------ Dataset content

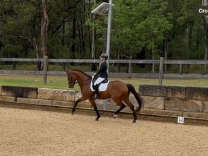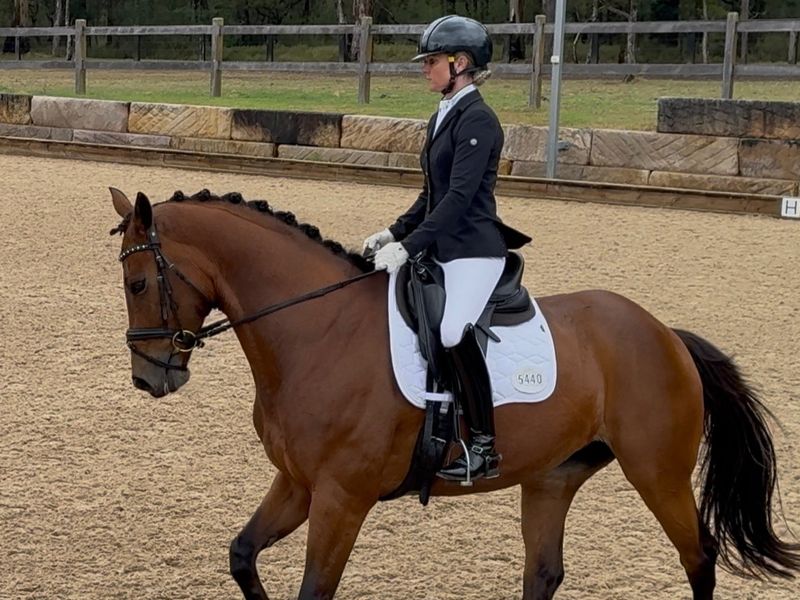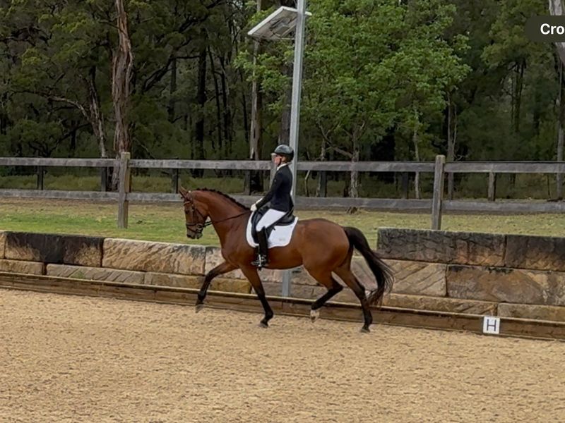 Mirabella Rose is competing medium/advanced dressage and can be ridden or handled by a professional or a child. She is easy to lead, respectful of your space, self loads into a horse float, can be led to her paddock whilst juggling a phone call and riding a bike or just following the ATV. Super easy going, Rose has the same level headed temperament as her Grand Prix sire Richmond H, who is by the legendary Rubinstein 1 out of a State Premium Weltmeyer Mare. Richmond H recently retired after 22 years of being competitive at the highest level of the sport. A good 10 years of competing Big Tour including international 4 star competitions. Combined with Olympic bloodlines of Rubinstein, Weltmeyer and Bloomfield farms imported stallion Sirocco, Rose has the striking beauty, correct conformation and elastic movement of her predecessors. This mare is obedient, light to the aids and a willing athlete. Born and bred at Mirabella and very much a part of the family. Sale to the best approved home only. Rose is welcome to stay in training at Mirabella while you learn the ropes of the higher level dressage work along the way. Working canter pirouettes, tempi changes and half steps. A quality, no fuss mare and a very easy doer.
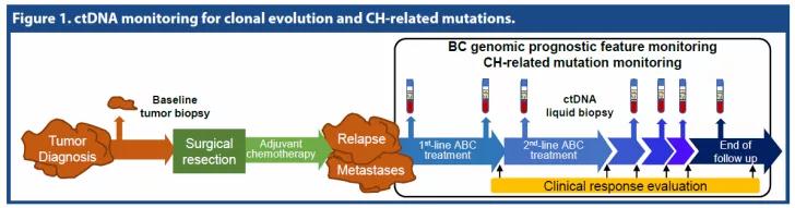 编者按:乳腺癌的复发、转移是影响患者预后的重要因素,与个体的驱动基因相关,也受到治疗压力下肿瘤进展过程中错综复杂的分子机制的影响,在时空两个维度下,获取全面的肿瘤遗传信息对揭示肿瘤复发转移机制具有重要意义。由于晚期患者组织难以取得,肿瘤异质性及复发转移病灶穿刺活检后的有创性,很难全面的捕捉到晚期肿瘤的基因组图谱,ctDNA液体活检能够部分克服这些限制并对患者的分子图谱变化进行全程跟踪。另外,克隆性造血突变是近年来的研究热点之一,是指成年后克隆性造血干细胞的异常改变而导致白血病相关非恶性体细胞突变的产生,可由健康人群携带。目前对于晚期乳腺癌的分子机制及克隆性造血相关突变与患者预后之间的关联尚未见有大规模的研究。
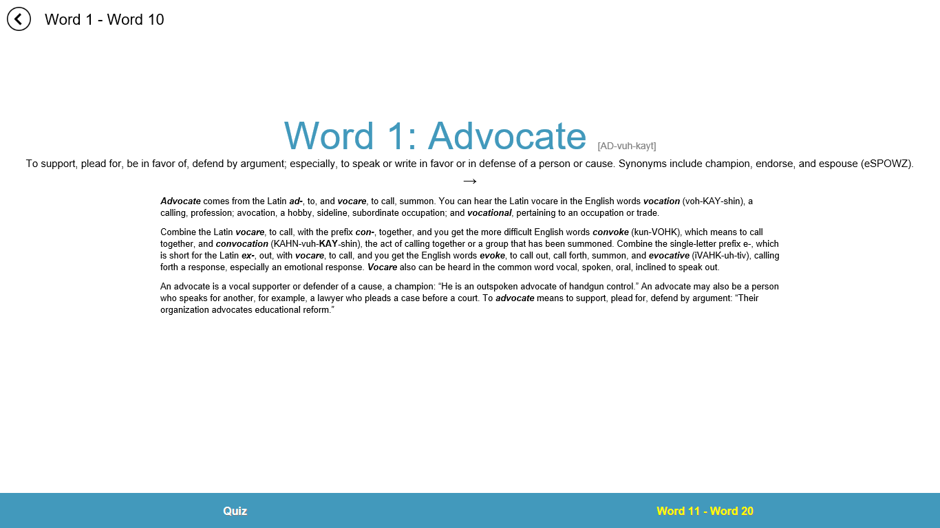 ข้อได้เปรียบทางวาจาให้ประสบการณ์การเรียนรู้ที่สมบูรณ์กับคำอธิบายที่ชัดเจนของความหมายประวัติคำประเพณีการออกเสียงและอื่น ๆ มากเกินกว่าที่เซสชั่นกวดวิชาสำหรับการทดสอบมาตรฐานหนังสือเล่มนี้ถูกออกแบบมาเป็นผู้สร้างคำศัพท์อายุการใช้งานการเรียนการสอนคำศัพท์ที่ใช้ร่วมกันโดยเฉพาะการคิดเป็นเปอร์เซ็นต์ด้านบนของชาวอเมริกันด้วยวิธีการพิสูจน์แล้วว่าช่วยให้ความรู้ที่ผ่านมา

------------

* _Task details_: Repeat the data in full and exactly. Omit pictures.

* _Solved problem_:
 Mirabella Rose is competing medium/advanced dressage and can be ridden or handled by a professional or a child. She is easy to lead, respectful of your space, self loads into a horse float, can be led to her paddock whilst juggling a phone call and riding a bike or just following the ATV. Super easy going, Rose has the same level headed temperament as her Grand Prix sire Richmond H, who is by the legendary Rubinstein 1 out of a State Premium Weltmeyer Mare. Richmond H recently retired after 22 years of being competitive at the highest level of the sport. A good 10 years of competing Big Tour including international 4 star competitions. Combined with Olympic bloodlines of Rubinstein, Weltmeyer and Bloomfield farms imported stallion Sirocco, Rose has the striking beauty, correct conformation and elastic movement of her predecessors. This mare is obedient, light to the aids and a willing athlete. Born and bred at Mirabella and very much a part of the family. Sale to the best approved home only. Rose is welcome to stay in training at Mirabella while you learn the ropes of the higher level dressage work along the way. Working canter pirouettes, tempi changes and half steps. A quality, no fuss mare and a very easy doer.
 编者按:乳腺癌的复发、转移是影响患者预后的重要因素,与个体的驱动基因相关,也受到治疗压力下肿瘤进展过程中错综复杂的分子机制的影响,在时空两个维度下,获取全面的肿瘤遗传信息对揭示肿瘤复发转移机制具有重要意义。由于晚期患者组织难以取得,肿瘤异质性及复发转移病灶穿刺活检后的有创性,很难全面的捕捉到晚期肿瘤的基因组图谱,ctDNA液体活检能够部分克服这些限制并对患者的分子图谱变化进行全程跟踪。另外,克隆性造血突变是近年来的研究热点之一,是指成年后克隆性造血干细胞的异常改变而导致白血病相关非恶性体细胞突变的产生,可由健康人群携带。目前对于晚期乳腺癌的分子机制及克隆性造血相关突变与患者预后之间的关联尚未见有大规模的研究。
 ข้อได้เปรียบทางวาจาให้ประสบการณ์การเรียนรู้ที่สมบูรณ์กับคำอธิบายที่ชัดเจนของความหมายประวัติคำประเพณีการออกเสียงและอื่น ๆ มากเกินกว่าที่เซสชั่นกวดวิชาสำหรับการทดสอบมาตรฐานหนังสือเล่มนี้ถูกออกแบบมาเป็นผู้สร้างคำศัพท์อายุการใช้งานการเรียนการสอนคำศัพท์ที่ใช้ร่วมกันโดยเฉพาะการคิดเป็นเปอร์เซ็นต์ด้านบนของชาวอเมริกันด้วยวิธีการพิสูจน์แล้วว่าช่วยให้ความรู้ที่ผ่านมา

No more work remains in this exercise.